Iijima Takashi, Suwabe Tatsuya, Sumida Keiichi, Hayami Noriko, Hiramatsu Rikako, Hasegawa Eiko, Yamanouchi Masayuki, Hoshino Junichi, Sawa Naoki, Takaichi Kenmei, Oohashi Kenichi, Fujii Takeshi, Ubara Yoshifumi
Nephrology Center, Toranomon Hospital Kajigaya , 1-3-1 Kajigaya, Takatsu, 213-8587, Kawasaki, Kanagawa , Japan.
Mod Rheumatol. 2015 Jan;25(1):138-42. doi: 10.3109/14397595.2013.874748. Epub 2014 Feb 18.
We report a Japanese woman with systemic rheumatoid vasculitis (SRV) complicated by necrotizing crescentic glomerulonephritis (NCGN). Rheumatoid arthritis first occurred at the age of 19 years, followed by interstitial pneumonia, hepatitis, rheumatoid nodules, mononeuritis multiplex, and hypocomplementemia in chronological order. At the age of 51 years, rapidly progressive renal failure occurred with nephrotic proteinuria, and NCGN with subepithelial deposits was revealed by renal biopsy. Severe destructive changes of multiple joints and scleritis were detected, but anti-neutrophil cytoplasmic antibody was negative on enzyme-linked immunosorbent assays and indirect immunofluorescence. SRV was diagnosed due to involvement of multiple extra-articular organs. An anti-interleukin (IL)-6 receptor antibody (tocilizumab) was started at dosage of 280 mg (8 mg/kg) monthly. After 18 months, her serum creatinine decreased from 1.7 to 1.3 mg/dL, and urinary protein excretion declined from 5.2 to 1.2 g daily. Tocilizumab may be a therapeutic option for SRV associated with NCGN.

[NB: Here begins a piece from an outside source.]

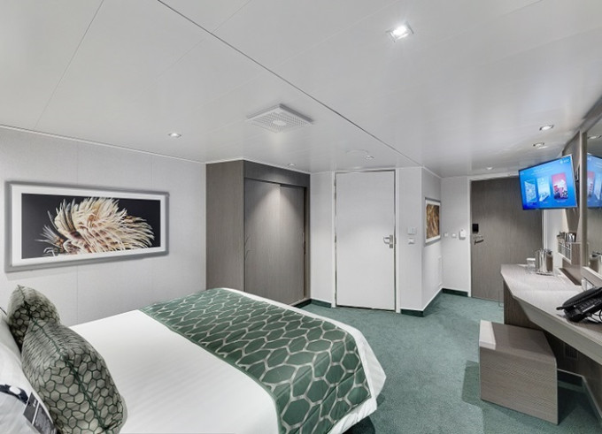 - Ubytovanie v plne vybavenej kajute: vlastná kúpeľňa so sprchou a WC, interaktívna TV, telefón, safe, sušič na vlasy, regulovateľná klimatizácia, minibar (za poplatok). Pripojenie na internet cez Wi-fi (za poplatok)
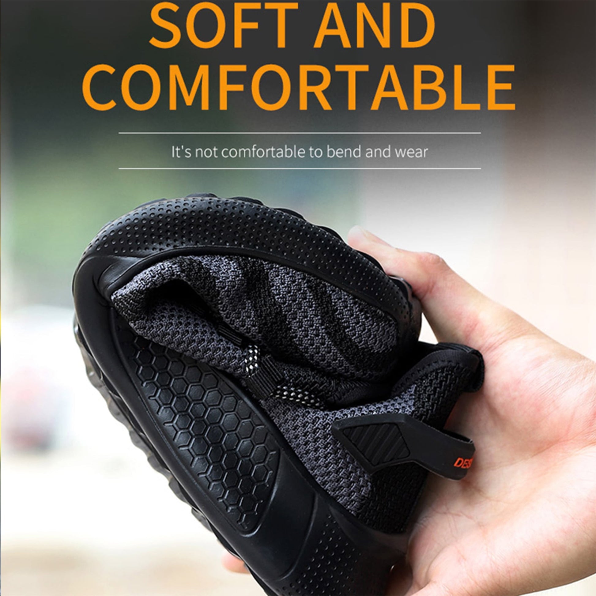 MANLEGU Breathable Safety Shoes for men are engineered with advanced features to provide reliable protection and comfort in demanding environments. These lightweight work shoes incorporate durable steel toe caps to shield your feet from heavy impacts and a puncture-resistant Kevlar midsole that guards against sharp objects such as nails and glass. Designed with an ultra-lightweight woven mesh, they offer complete breathability to keep your feet dry, fresh, and light throughout the day. The abrasion-resistant, non-slip tread sole ensures a firm grip, making them ideal for construction, industrial settings, outdoor activities, and even hiking or mountaineering.

我们报告了一名患有系统性类风湿性血管炎(SRV)并伴有坏死性新月体性肾小球肾炎(NCGN)的日本女性。类风湿性关节炎首次发病于19岁,随后依次出现间质性肺炎、肝炎、类风湿结节、多发性单神经炎和补体血症降低。51岁时,出现快速进展性肾衰竭并伴有肾病性蛋白尿,肾活检显示为伴有上皮下沉积物的NCGN。检测到多个关节出现严重破坏性改变和巩膜炎,但酶联免疫吸附测定和间接免疫荧光法检测抗中性粒细胞胞浆抗体为阴性。由于多个关节外器官受累而诊断为SRV。开始每月以280mg(8mg/kg)的剂量使用抗白细胞介素(IL)-6受体抗体(托珠单抗)。18个月后,她的血清肌酐从1.7mg/dL降至1.3mg/dL,尿蛋白排泄量从每日5.2g降至1.2g。托珠单抗可能是与NCGN相关的SRV的一种治疗选择。